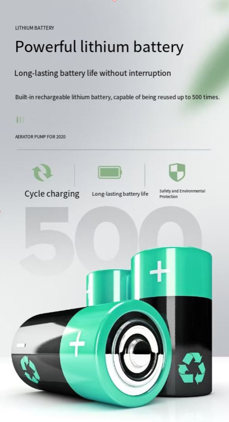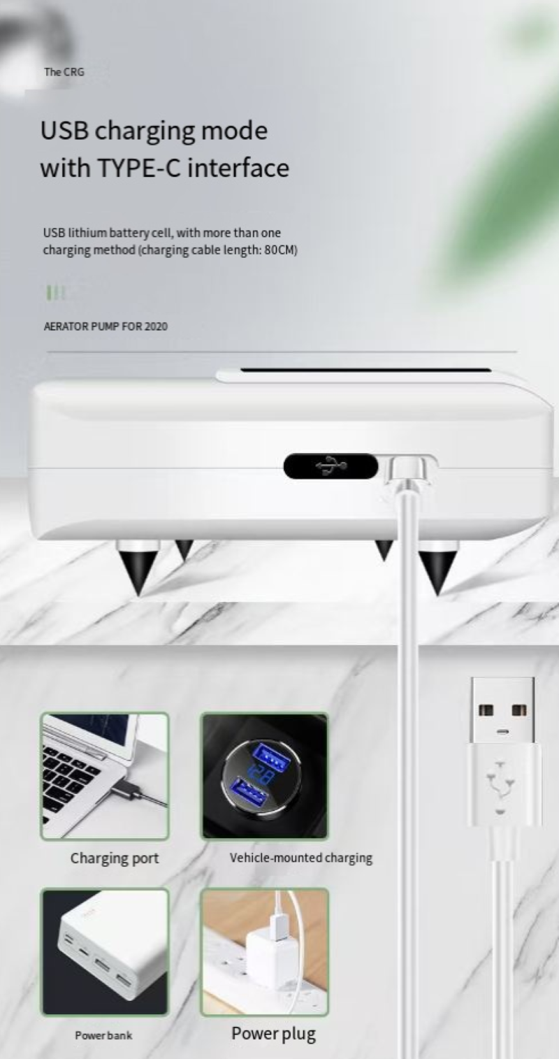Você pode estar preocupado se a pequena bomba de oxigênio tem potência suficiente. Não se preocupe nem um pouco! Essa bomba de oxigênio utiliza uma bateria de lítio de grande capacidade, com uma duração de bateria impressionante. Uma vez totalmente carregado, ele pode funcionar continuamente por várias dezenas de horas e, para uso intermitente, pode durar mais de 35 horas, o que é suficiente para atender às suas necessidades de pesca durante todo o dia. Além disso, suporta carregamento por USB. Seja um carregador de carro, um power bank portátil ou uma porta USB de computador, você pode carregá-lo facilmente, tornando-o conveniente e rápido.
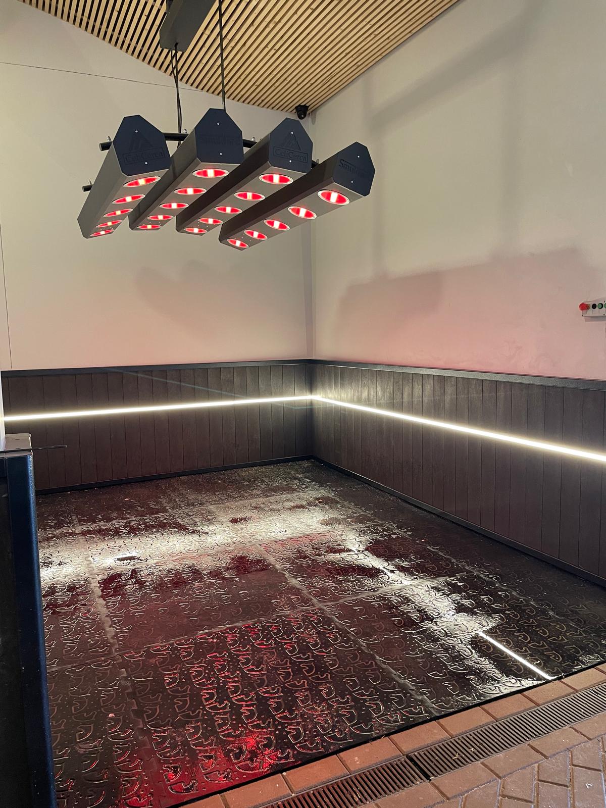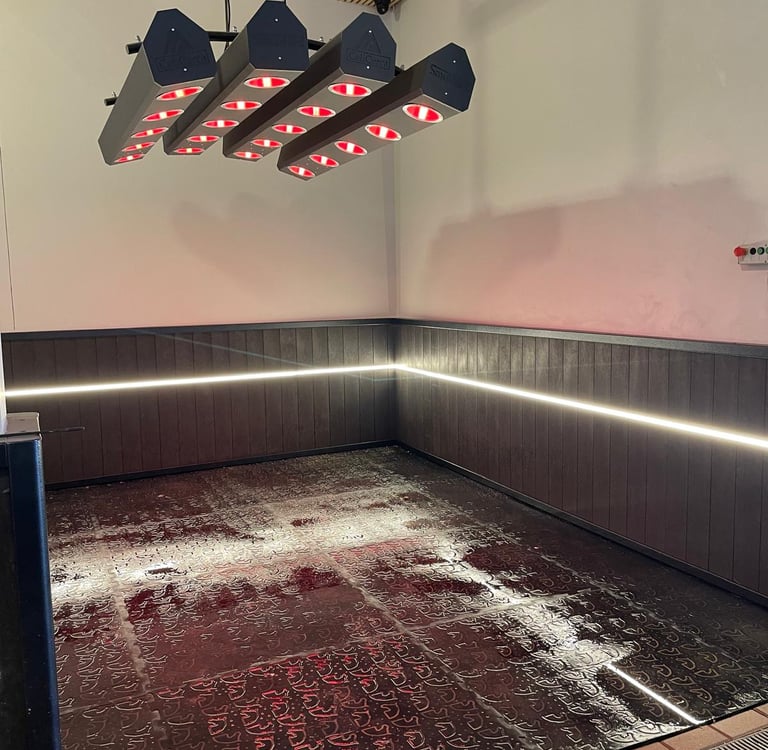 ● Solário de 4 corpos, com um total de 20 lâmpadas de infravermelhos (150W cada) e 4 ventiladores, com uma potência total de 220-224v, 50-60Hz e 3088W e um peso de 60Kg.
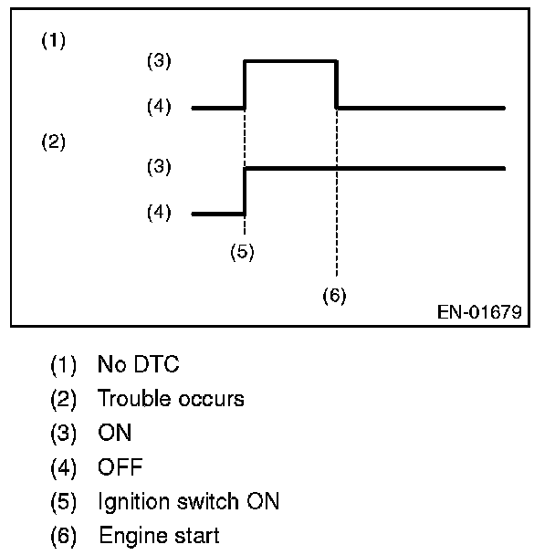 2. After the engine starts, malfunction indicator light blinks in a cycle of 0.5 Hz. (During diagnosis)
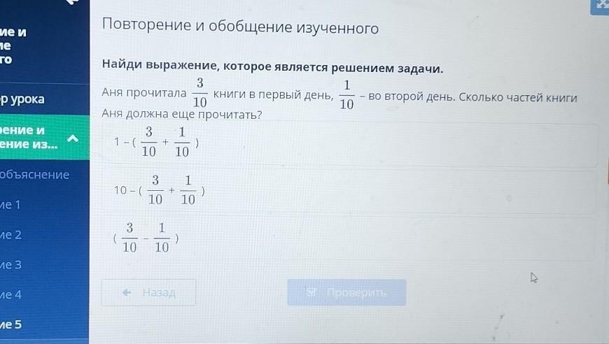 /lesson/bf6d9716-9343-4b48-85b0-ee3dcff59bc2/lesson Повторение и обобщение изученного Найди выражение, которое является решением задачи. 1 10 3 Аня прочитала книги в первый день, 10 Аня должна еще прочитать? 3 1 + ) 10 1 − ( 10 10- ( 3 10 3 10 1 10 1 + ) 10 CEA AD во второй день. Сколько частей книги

--

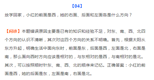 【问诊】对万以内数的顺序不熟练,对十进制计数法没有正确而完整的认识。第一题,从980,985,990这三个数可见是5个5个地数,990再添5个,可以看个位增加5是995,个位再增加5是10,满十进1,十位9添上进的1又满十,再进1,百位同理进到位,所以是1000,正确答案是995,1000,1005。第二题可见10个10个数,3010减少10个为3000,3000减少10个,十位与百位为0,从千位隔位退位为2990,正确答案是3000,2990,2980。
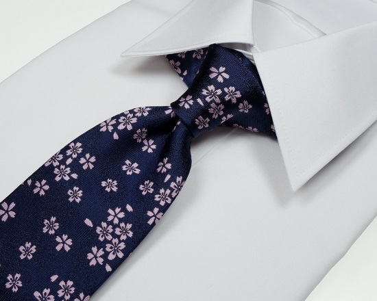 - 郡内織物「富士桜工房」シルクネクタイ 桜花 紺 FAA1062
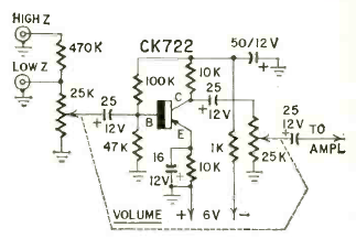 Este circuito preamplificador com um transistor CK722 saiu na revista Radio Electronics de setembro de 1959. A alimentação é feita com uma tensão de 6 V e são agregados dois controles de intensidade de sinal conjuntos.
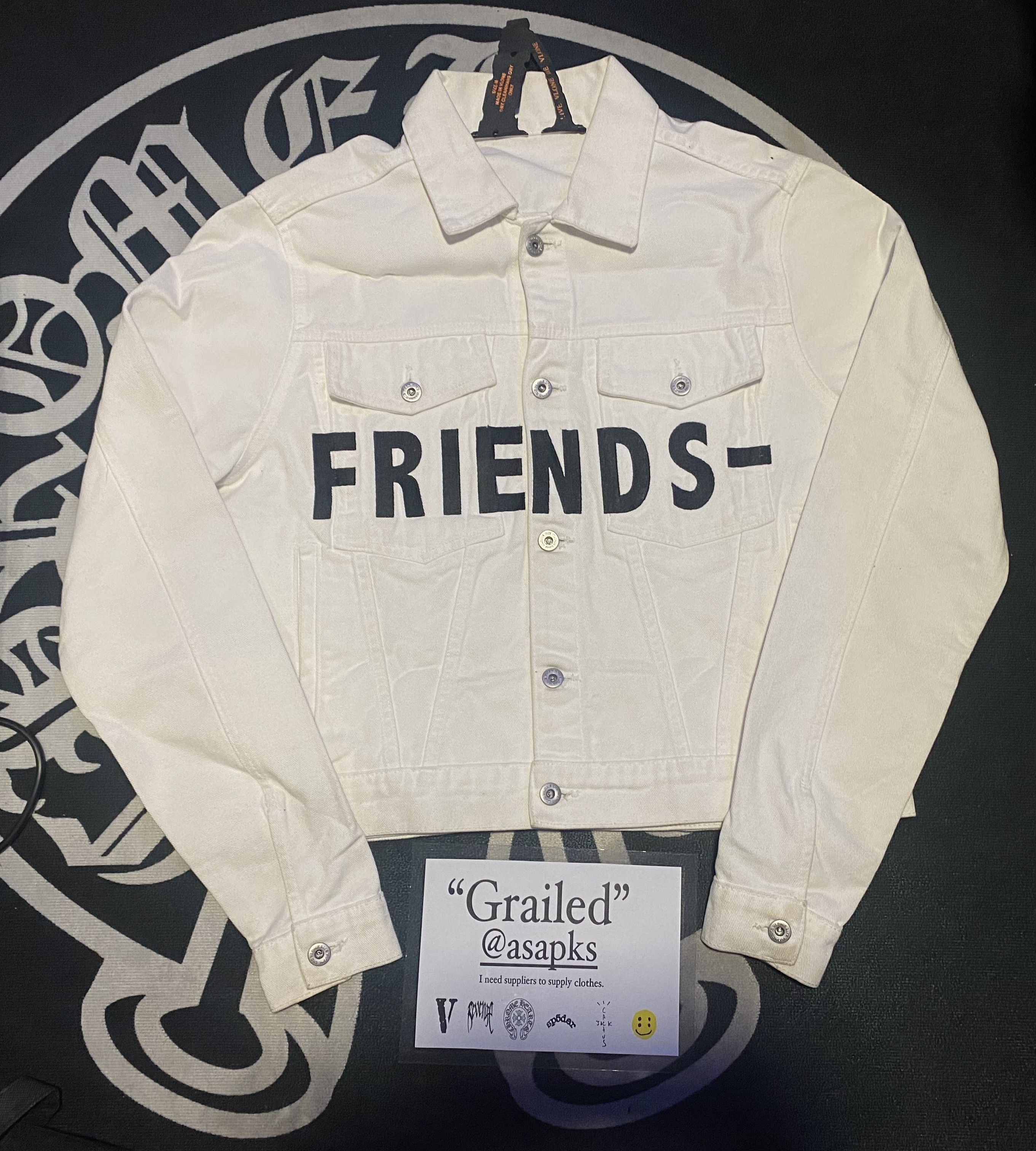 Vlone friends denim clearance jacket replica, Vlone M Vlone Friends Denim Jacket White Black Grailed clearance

What the exercise asks: When copying from the data above, begin at the line containing "Este circuito preamplificador" and end at the line containing "Vlone friends denim clearance"; return those lines exactly and leave all pictures behind.

Exercise solution:
 Este circuito preamplificador com um transistor CK722 saiu na revista Radio Electronics de setembro de 1959. A alimentação é feita com uma tensão de 6 V e são agregados dois controles de intensidade de sinal conjuntos.
 Vlone friends denim clearance jacket replica, Vlone M Vlone Friends Denim Jacket White Black Grailed clearance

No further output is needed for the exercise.